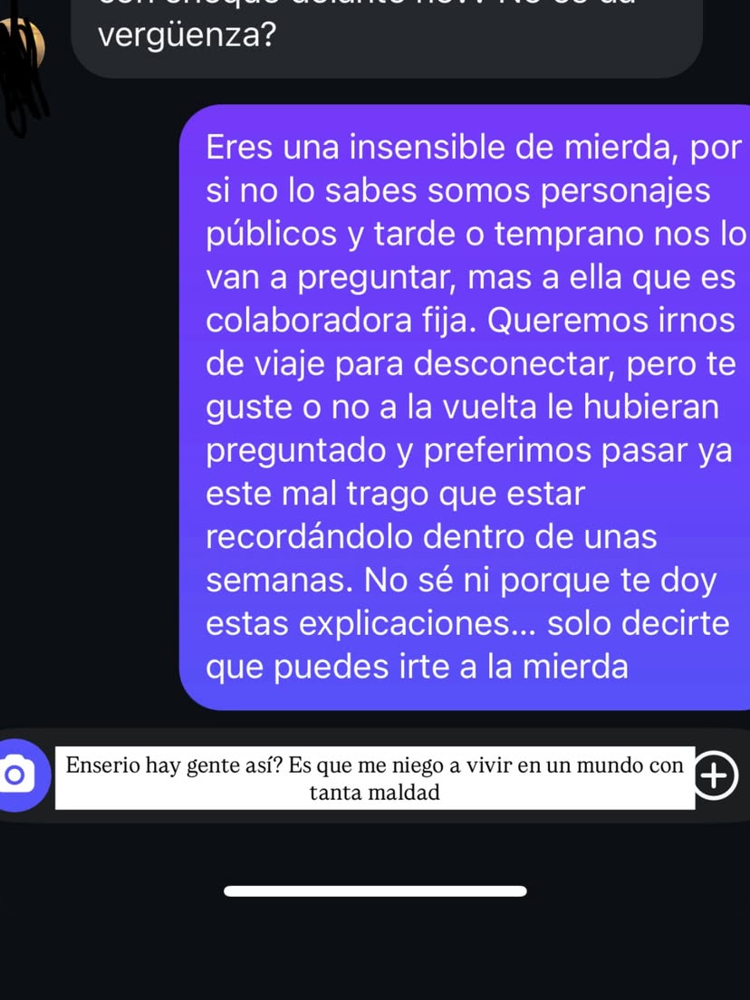 “No sé ni por qué te doy estas explicaciones, solo decirte que puedes irte a la mierda (sic)”, agregó.
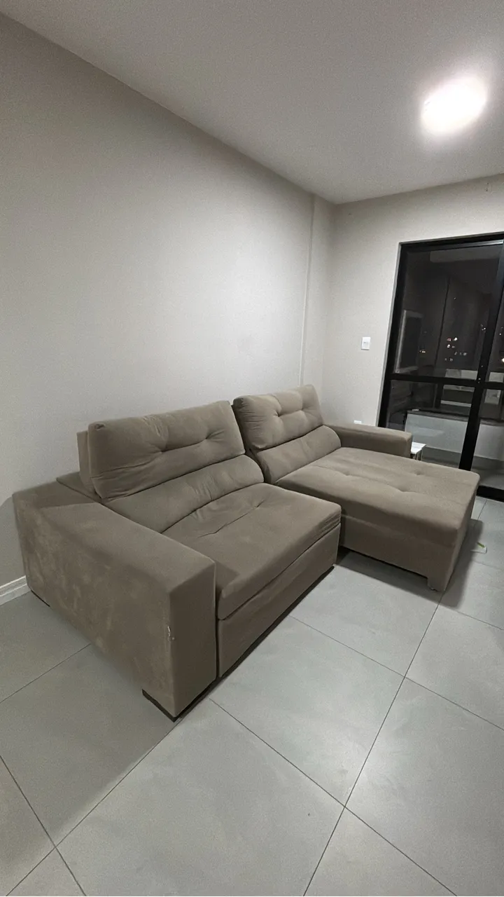 Aconchego e conforto para sua sala! Este sofá é perfeito para relaxar e receber amigos. Design moderno e elegante que combina com qualquer ambiente. Sofá retrátil com marcas de uso e marcas de unhas de gato em um dos cantos, uma das partes do tecido desprendeu como mostra na foto, porém só é perceptível quando a parte retrátil está aberta, porém é algo de facilmente consertar com um grampeador de pressão. Vendendo barato pois preciso desocupar o imóvel.
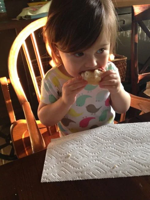 Every afternoon when she gets home from daycare, first thing on the to-do list is to get a snack. Girl gets hungry! On this particular day, I was snapping pictures because her outfit was cracking me up. Her slightly too big colorful t-shirt with her skinny leggings made her look like she was headed to a jazzercise class. All that was missing was a pair of leg warmers and a scrunchie to tie onto her shirt tail.
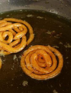 Now increase the heat, flip the jalebis and cook from both sides until crisp.
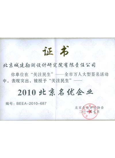 关注民生2010北京名优企业(2010年)
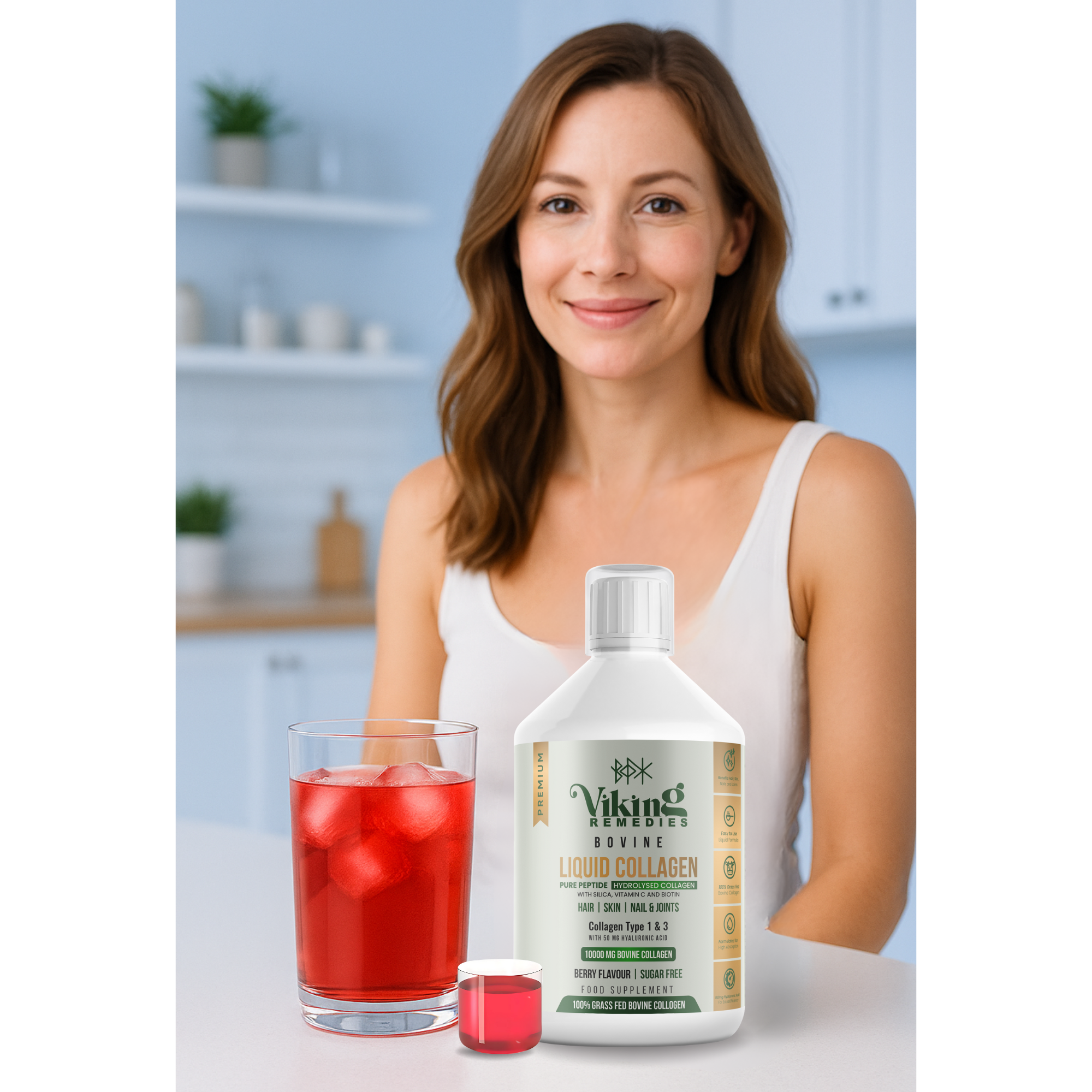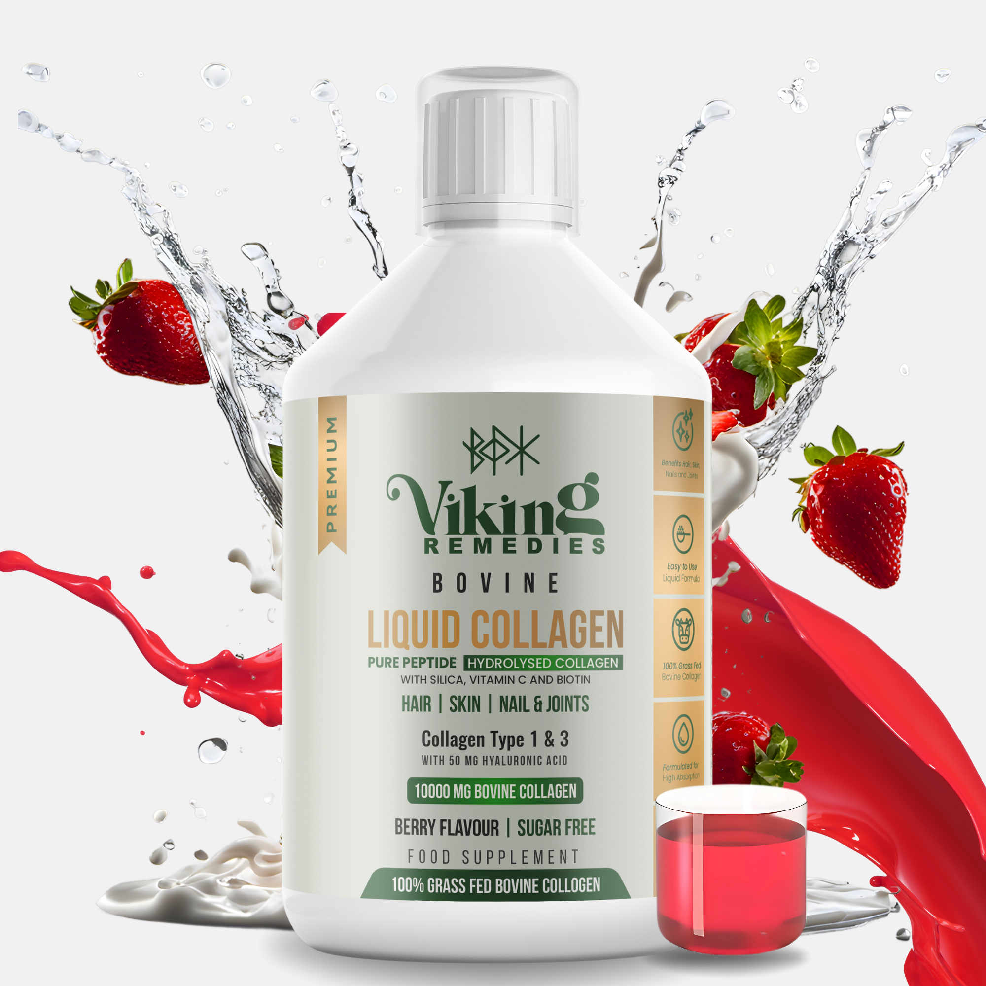 Viking Remedies Liquid Bovine Collagen is a delicious and convenient way to support your beauty and wellness. Each serving provides 10,000mg of hydrolysed bovine collagen (Types I & III), combined with key nutrients including Hyaluronic Acid, Vitamin C, Biotin, and Silica.
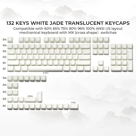 Sản phẩm XVX White Jade Keycaps, Double Shot PBT Keyboard Key caps 132 Keys MDA Profile Keycap Set Compatible with 60%/65%/75%/TKL/96%/100% US Layout Cherry MX Switches Mechanical Keyboard đang được bán với giá ưu đãi là $12.7421 tại nước Mỹ.
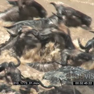 A Large Herd of Blue Wildebeests Swimming to the other side of the River with some drowning GREAT MIGRATION GENERAL BEHAVIOUR AmCam HA
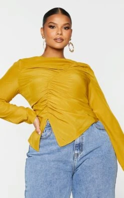 Plus Chemisier chartreuse froncé devant
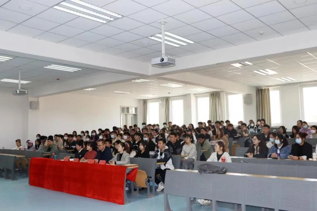 于南教114召开“学习二十大 奋进新征程”学生干部培训会。党委副书记李艳,组织员尤丽,学生办公室老师尚飞、招生就业办公室老师王荣出席本次会议,团委老师郝凤英主持会议,全院共计200余名学生干部参会。
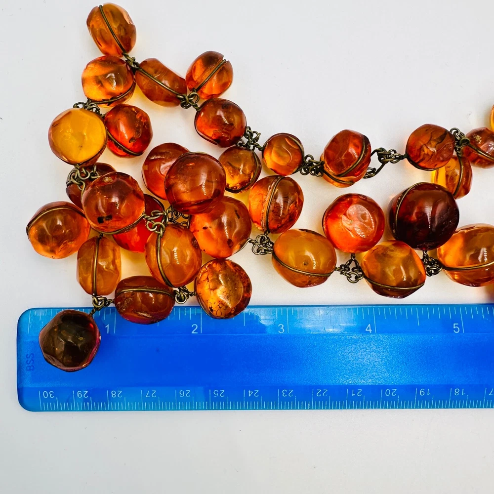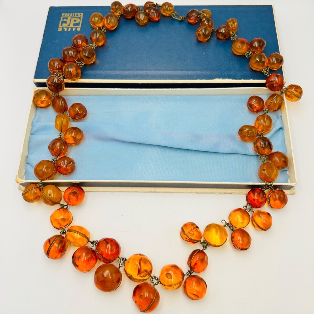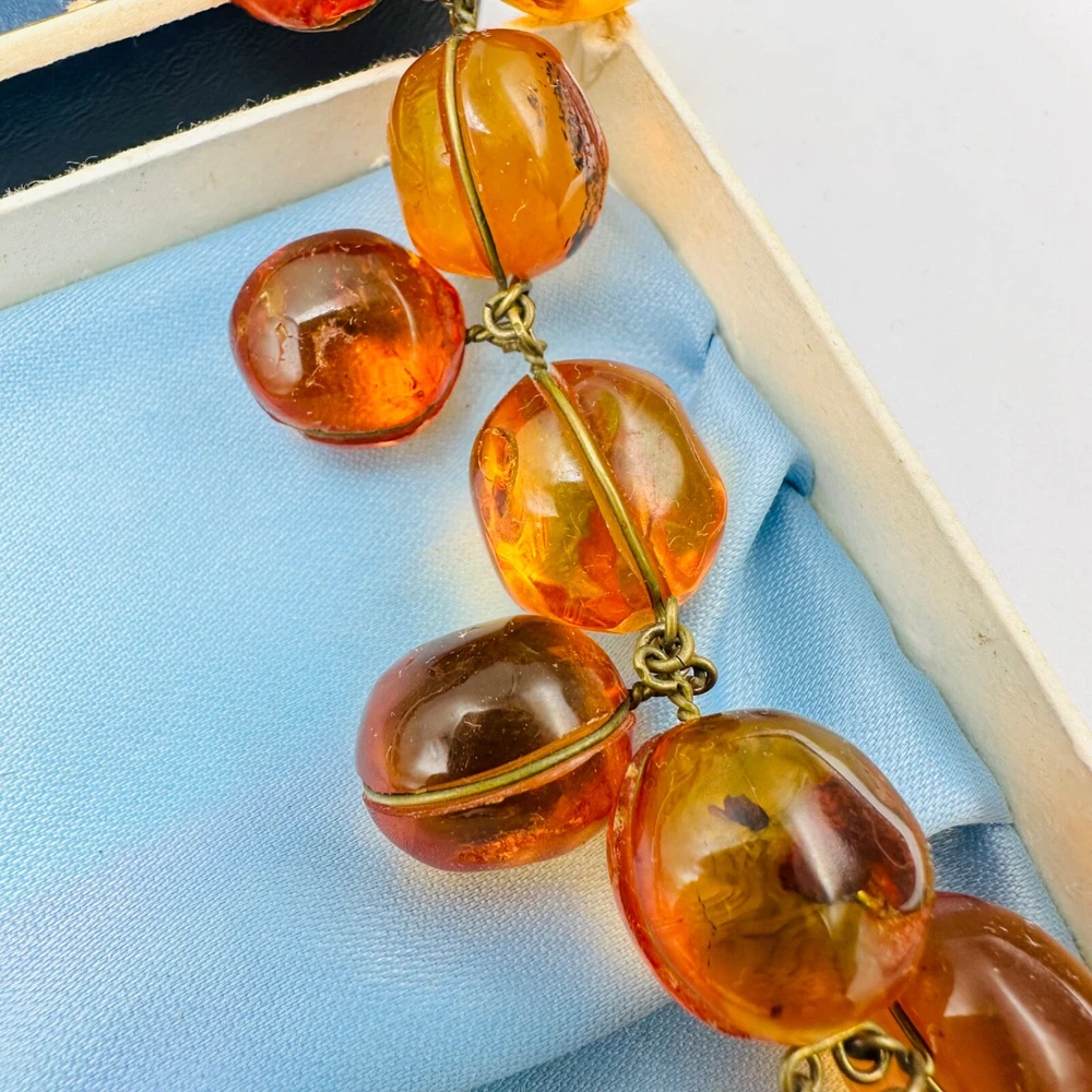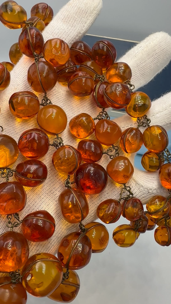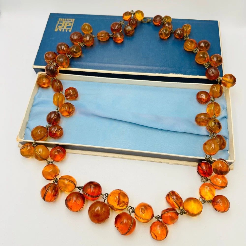 This authentic collectable natural amber beads necklace from the Soviet era is a unique piece of jewelry that will surely catch anyone's attention. The rough-shaped, polished amber beads are strung together to create a stunning 30-inch long necklace that hangs beautifully around the neck. The orange-colored amber beads are natural and have not been enhanced in any way. They are from the Baltic region and were crafted by the Daile Klaipeda Factory in 1960s with original card-box. This rare necklace is a great addition to any jewelry collection and is perfect for those who love vintage pieces. On the surface of the amber beads there are some spots and traces of natural origin, which only confirms the originality and uniqueness of these beads. There are my other items... https://www.ebay.com/usr/universeofjewelry
* * * * * * *
How to complete this task:
Line by line, write out the entries exactly, and leave the pictures out.

Finished exercise:
 “No sé ni por qué te doy estas explicaciones, solo decirte que puedes irte a la mierda (sic)”, agregó.
 Aconchego e conforto para sua sala! Este sofá é perfeito para relaxar e receber amigos. Design moderno e elegante que combina com qualquer ambiente. Sofá retrátil com marcas de uso e marcas de unhas de gato em um dos cantos, uma das partes do tecido desprendeu como mostra na foto, porém só é perceptível quando a parte retrátil está aberta, porém é algo de facilmente consertar com um grampeador de pressão. Vendendo barato pois preciso desocupar o imóvel.
 Every afternoon when she gets home from daycare, first thing on the to-do list is to get a snack. Girl gets hungry! On this particular day, I was snapping pictures because her outfit was cracking me up. Her slightly too big colorful t-shirt with her skinny leggings made her look like she was headed to a jazzercise class. All that was missing was a pair of leg warmers and a scrunchie to tie onto her shirt tail.
 Now increase the heat, flip the jalebis and cook from both sides until crisp.
 关注民生2010北京名优企业(2010年)
 Viking Remedies Liquid Bovine Collagen is a delicious and convenient way to support your beauty and wellness. Each serving provides 10,000mg of hydrolysed bovine collagen (Types I & III), combined with key nutrients including Hyaluronic Acid, Vitamin C, Biotin, and Silica.
 Sản phẩm XVX White Jade Keycaps, Double Shot PBT Keyboard Key caps 132 Keys MDA Profile Keycap Set Compatible with 60%/65%/75%/TKL/96%/100% US Layout Cherry MX Switches Mechanical Keyboard đang được bán với giá ưu đãi là $12.7421 tại nước Mỹ.
 A Large Herd of Blue Wildebeests Swimming to the other side of the River with some drowning GREAT MIGRATION GENERAL BEHAVIOUR AmCam HA
 Plus Chemisier chartreuse froncé devant
 于南教114召开“学习二十大 奋进新征程”学生干部培训会。党委副书记李艳,组织员尤丽,学生办公室老师尚飞、招生就业办公室老师王荣出席本次会议,团委老师郝凤英主持会议,全院共计200余名学生干部参会。
 This authentic collectable natural amber beads necklace from the Soviet era is a unique piece of jewelry that will surely catch anyone's attention. The rough-shaped, polished amber beads are strung together to create a stunning 30-inch long necklace that hangs beautifully around the neck. The orange-colored amber beads are natural and have not been enhanced in any way. They are from the Baltic region and were crafted by the Daile Klaipeda Factory in 1960s with original card-box. This rare necklace is a great addition to any jewelry collection and is perfect for those who love vintage pieces. On the surface of the amber beads there are some spots and traces of natural origin, which only confirms the originality and uniqueness of these beads. There are my other items... https://www.ebay.com/usr/universeofjewelry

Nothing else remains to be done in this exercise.